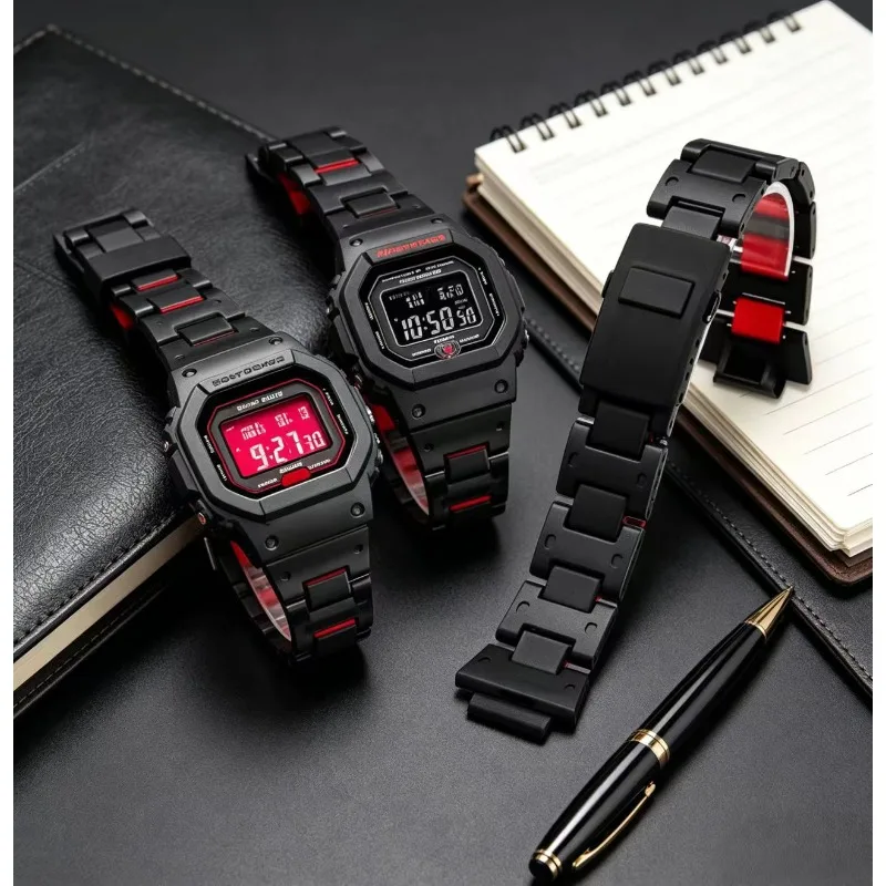For Casio strap G-SHOCK GA-2100 DW5600 DW-6900 GW-M5610/B5600 Black plastic steel watch band men's …
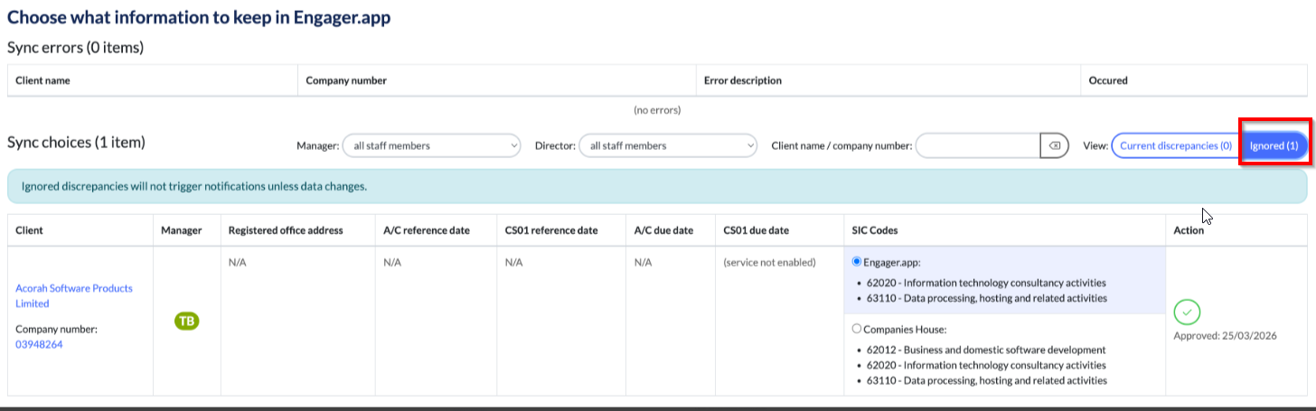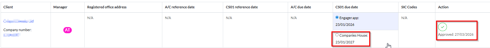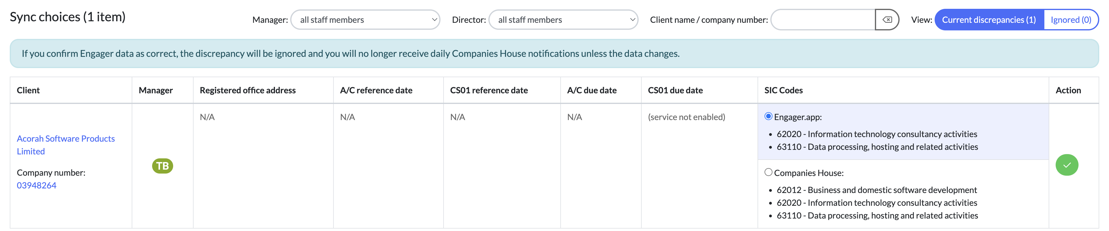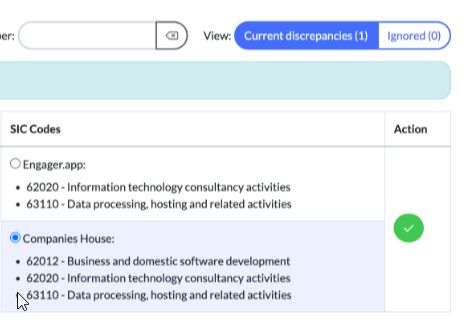 We'll display the Client and the relevant fields. It will be clear to see where there's a mismatch as you'll see the a button to select, for either Engager.app or Companies House.
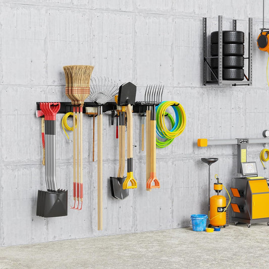 Garden Tool Organizer Wall Mount, Heavy Duty 48 Inches Garage Organization and Storage Racks for Yard Tools with 6 Hooks, Tool Hangers Holders for Hanging Folding Chair, Rake and Shovel
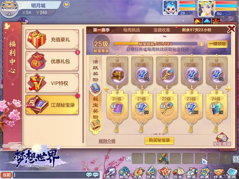 全新《梦想世界》新内容“江湖秘宝”现已开启。全新系统江湖秘宝录上线,完任务赢取丰厚奖励;新角色蛮小离登场,飒爽英姿抢先欣赏;神兽仙兽五技能开放,灵兽觉醒送5技能专有召唤兽!还有新活动、新小精灵等全新玩法等待着大家。 全新《梦想世界》官网:https://mx.duoyi.com/ 全新《梦想世界》新内容江湖秘宝专题:https://mx.duoyi.com/newcont/jianghu/ 全新《梦想世界》年度选美专题:https://mx.duoyi.com/act/beauty/jieshao/ 全新《梦想世界》品牌站:https://mx.duoyi.com/act/dream/ 全新《梦想世界》回归专题页:https://mx.duoyi.com/act/huiliu/ 全新《梦想世界》攻略站:https://mx.duoyi.com/glz/ 全新系统江湖秘宝录开启 完任务赢丰厚奖励 全新《梦想世界》新内容“江湖秘宝”开启之际,神秘新系统终于揭开了他的面纱,江湖密宝录全新亮相,这个记载着梦想大陆众多宝物来源的神秘图册来到大家眼前,《梦想世界》又一次成为了别人家的游戏! 秘宝录,重点就在一个宝字上,按图索骥就能获得各种宝物是它的核心特点。江湖秘宝录会记录玩家的探索值,各位玩家在提升等级、完成日常任务、每周挑战时,可以获得探索值,提升探索值等级就可以领取对应的奖励! 神兽仙兽五技能开放 灵兽觉醒送5技能专有召唤兽 第五技能全面开放,神兽仙兽史诗级加强!一直以来神兽仙兽以稳定的四技能,强力的资质受到众多玩家的青睐,活跃在各个PK场上,不过四技能虽好却不足以顶尖召唤兽行列,现在,神兽仙兽第五技能终于开放,全新pk环境等待你的挑战! 召唤兽的革新,除了神兽仙兽5技能,还有灵兽觉醒的开启,各位玩家在进行洗宠的时候将会获得一定积分,积分达到就会解锁相应的召唤兽,解锁灵兽觉醒即可获得下面这只五技能群恐的大力鬼王,吃点元宵提升资质,相信这将会成为你的一只主力大力! 全新内容"江湖秘宝"开启 新活动等你来玩 全新《梦想世界》新内容“江湖秘宝”正式开启,新角色蛮小离登场,飒爽英姿抢先欣赏;全新小精灵萌动来袭,,高级动作等你解锁;三大活动齐上阵,精彩玩法不停歇。更多精彩内容,尽在全新《梦想世界》! 关于新《梦想世界》 全新《梦想世界》,国风武侠回合战斗网游,十一年经典回合IP,以主修辅修双流派的强大招式体系,继承见招拆招、相生相克的策略战斗特色;同时打造深度游戏世界观,全新美术升级,明月如初,国风新起,这一次,江湖等你缔结侠缘! 更多游戏详情,请关注多益网络 全新《梦想世界》官网:http://mx.duoyi.com 全新《梦想世界》客户端下载:http://mx.duoyi.com/down/ |
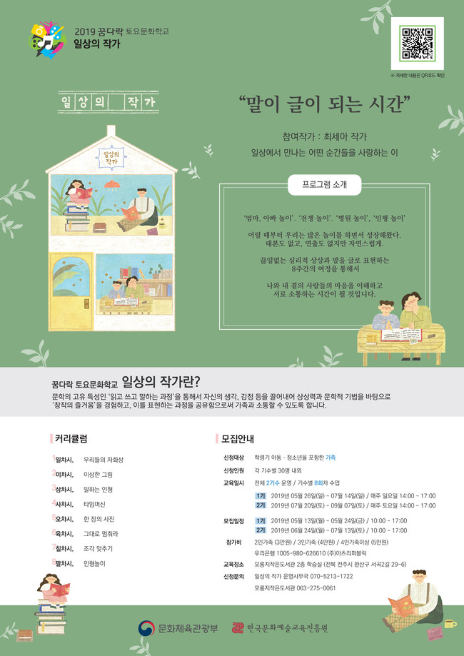 전주시 모롱지작은도서관은 오는 20일부터 9월 7일까지 매주 토요일 오후 2시부터 진행되는 ‘2019 꿈다락 토요문화학교: 일상의 작가’ 2기 참가자를 모집한다.
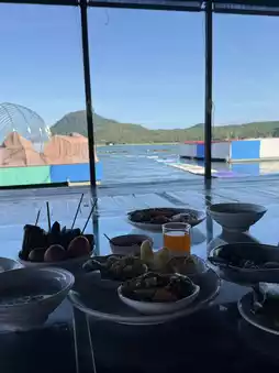 Accommodation with water slides at Srinakarin Dam, Kanchanaburi. I have to say that it's very worthwhile, extremely worthwhile. The price is in the thousands, but it includes 3 meals and accommodation. There were about 12 of us staying on a raft in the water. For those who get seasick, you can choose to stay on the top, but we stayed at Ban Pla Kaho, which is on the edge, so it didn't feel like it was rocking at all. Plus, there's a dining area. The resort provides 3 meals: lunch, dinner, and breakfast. The food line is very plentiful. They keep refilling, so you don't have to worry about running out. Around 4:30, we'll take you on a wet raft to the middle of the dam. There's not much to do, so when we get back, we continue playing on the water slides. We cycled until around 5:30, when they'll turn off the equipment so you can go upstairs to shower and eat dinner. There's also a plethora of dinner lines, which are different every meal. There's also a live band in the evening. Sit back and enjoy the music, or you can go back and sit in front of the house and chill. I liked it so much that I want to go eat again. #Kanchanaburi #GetDiscountsNotDependingOnLuck
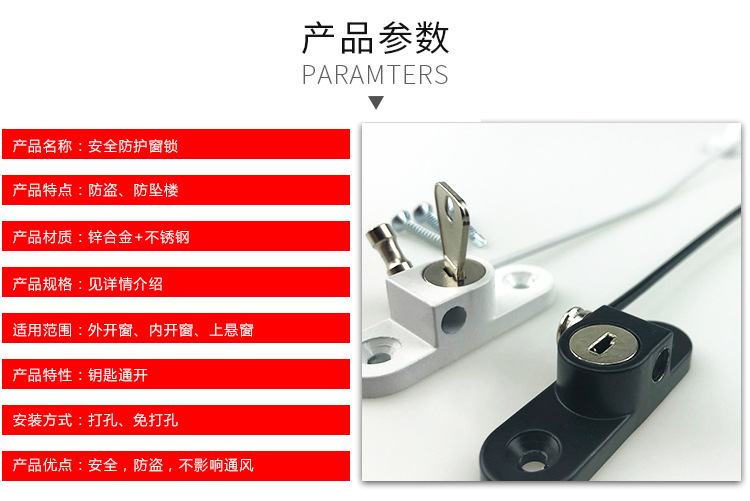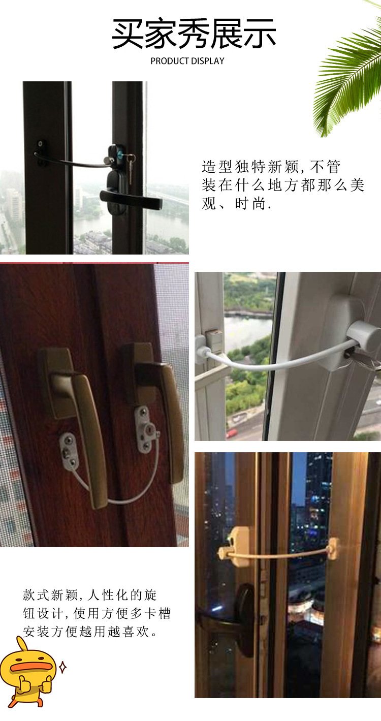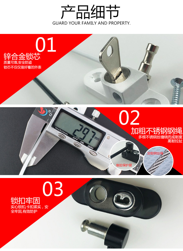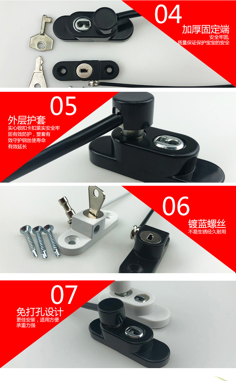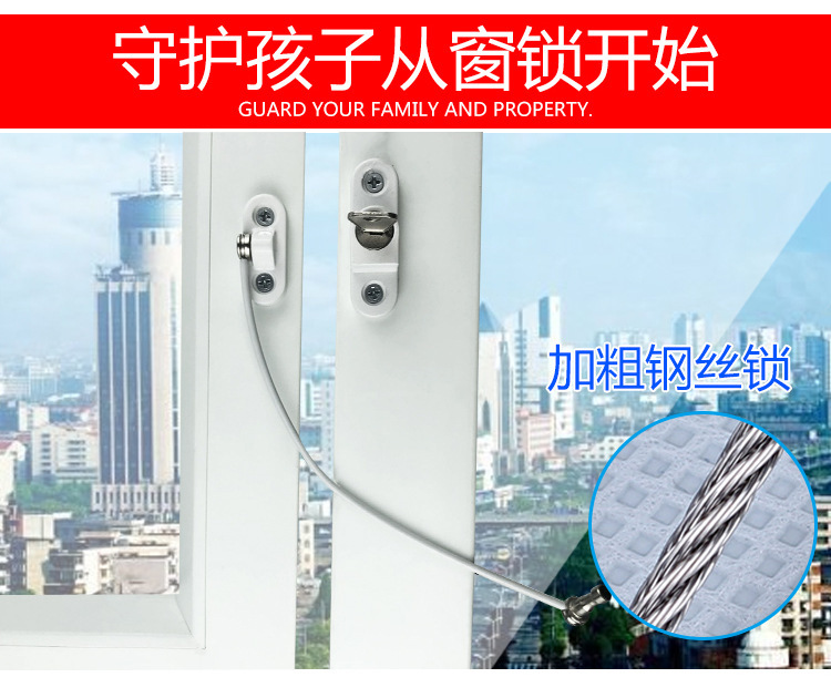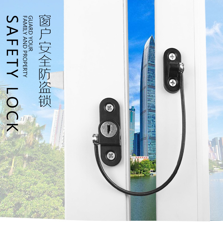 • Wire rope window lock aluminum alloy sliding door casement window anti-theft safety lock plastic steel window lock stopper
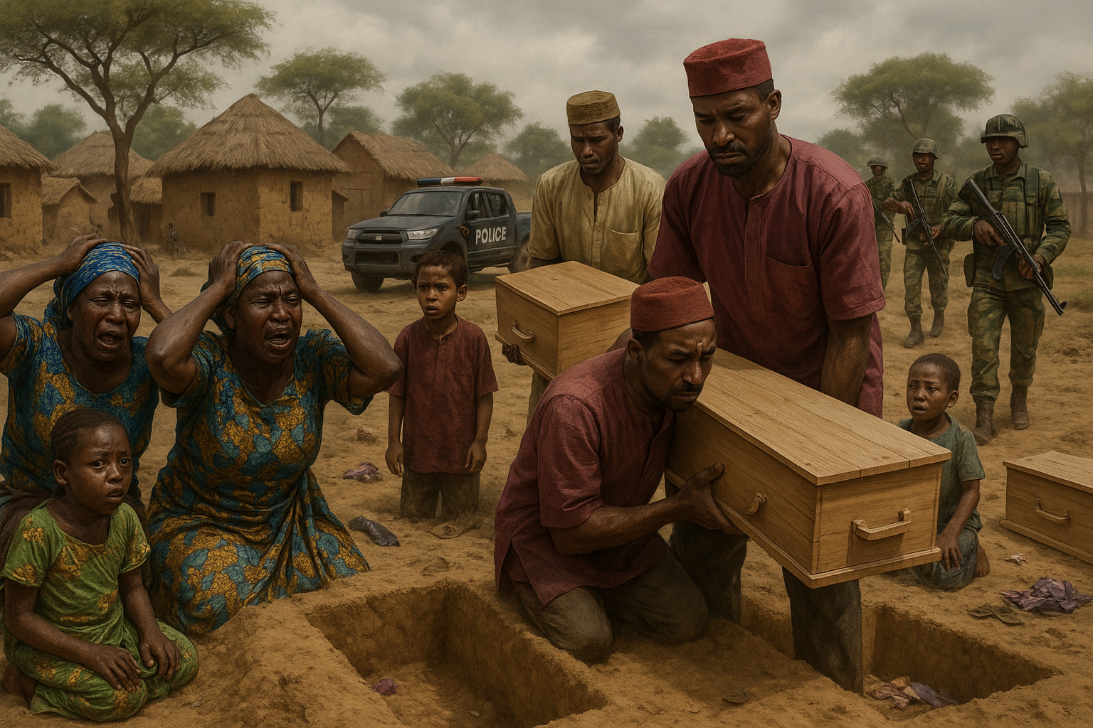 Villagers in Kaiama, Nigeria, mourn and bury victims of a terror attack as security forces provide protection amid ongoing regional threats.
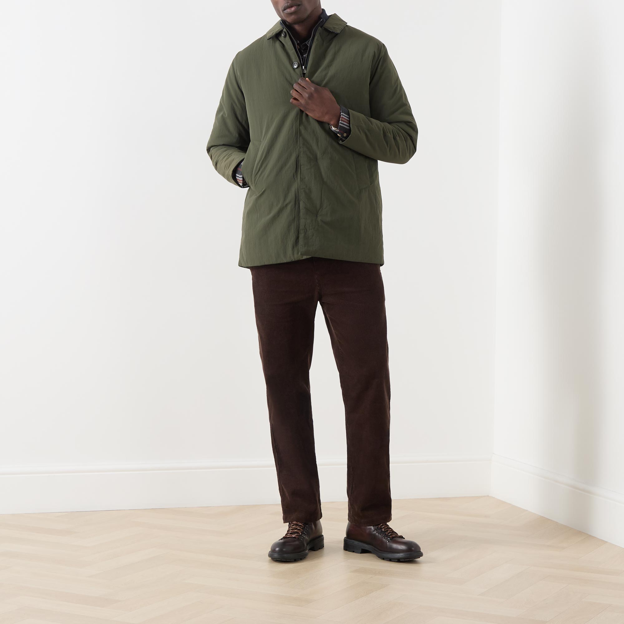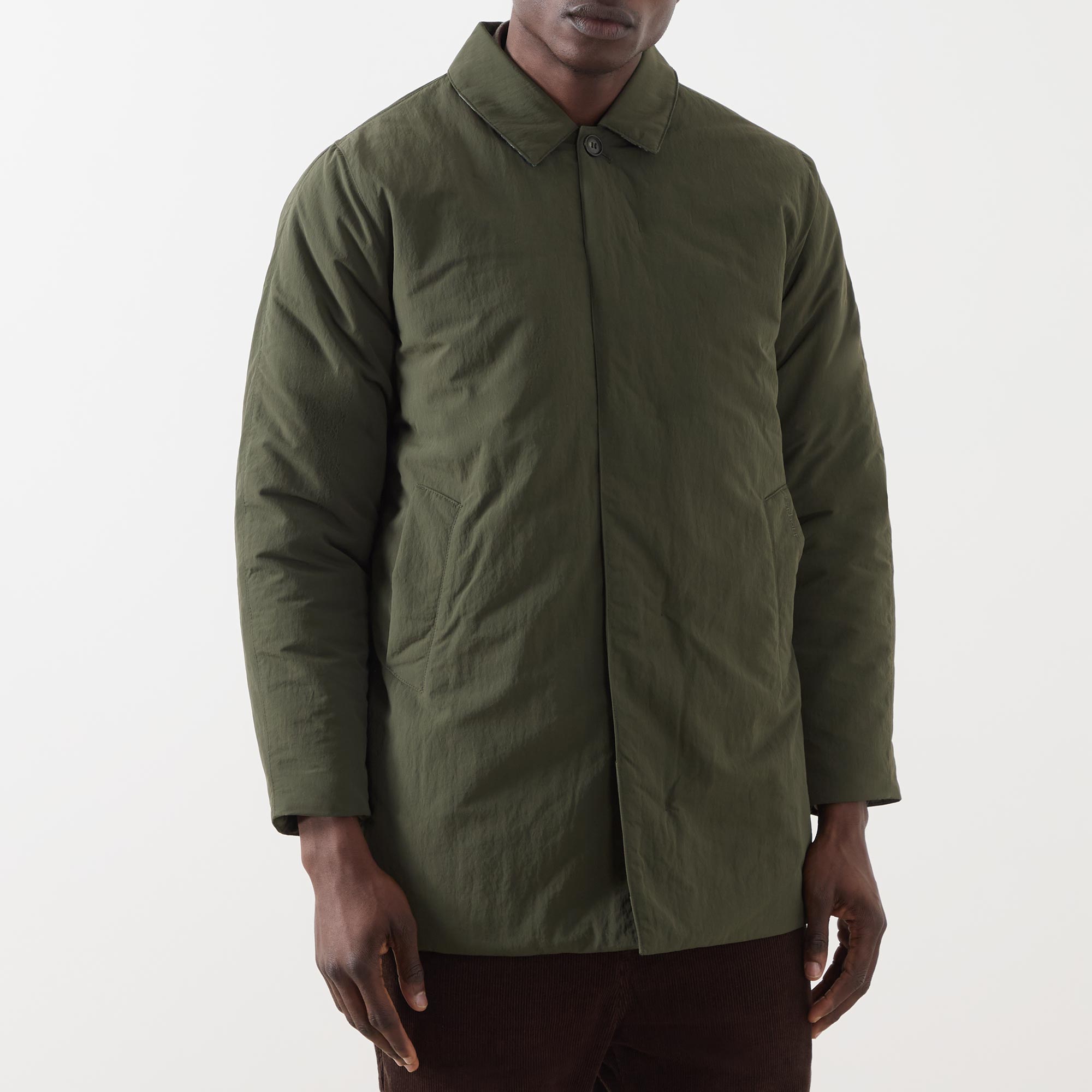- Lightly padded, long sleeves, pointed collar, showerproof, concealed button fastenings, straight hemline

··········

With the pictures omitted, copy exactly the lines of the listing above starting at the line containing "window lock stopper" and ending at the line containing "Villagers in Kaiama, Nigeria, mourn", both included.

 • Wire rope window lock aluminum alloy sliding door casement window anti-theft safety lock plastic steel window lock stopper
 Villagers in Kaiama, Nigeria, mourn and bury victims of a terror attack as security forces provide protection amid ongoing regional threats.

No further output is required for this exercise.